Release MMOCR Release v0.4.0 · open-mmlab/mmocr

Highlights

We release a new text recognition model - ABINet (CVPR 2021, Oral). With dedicated model design and useful data augmentation transforms, ABINet achieves the best performance on irregular text recognition tasks. Check it out!
We are also working hard to fulfill the requests from our community. OpenSet KIE is one of the achievements, which extends the application of SDMGR from text node classification to node-pair relation extraction. We also provide a demo script to convert WildReceipt to open set domain, though it may not take full advantage of the OpenSet format.
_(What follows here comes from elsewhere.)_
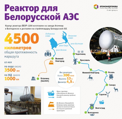 Изготовление корпуса реактора для первого энергоблока Белорусской АЭС было завершено в середине октября текущего года. Вес корпуса реактора ВВЭР-1200 превышает 330 тонн, высота – 12 метров, диаметр 4,5 метра. Для его транспортировки совместно со специалистами перевозочной компании была разработана уникальная мультимодальная логистическая операция. От филиала АО "АЭМ-Технологии" "Атоммаш" в г.Волгодонск Ростовской области корпус реактора был доставлен на специализированной автомобильной технике на причал Цимлянского водохранилища.

For more information, read our tutorial.
APIs of models can be exposed through TorchServe. Docs

Breaking Changes & Migration Guide

Postprocessor

Some refactoring processes are still going on. For all text detection models, we unified their decode implementations into a new module category, POSTPROCESSOR, which is responsible for decoding different raw outputs into boundary instances. In all text detection configs, the text_repr_type argument in bbox_head is deprecated and will be removed in the future release.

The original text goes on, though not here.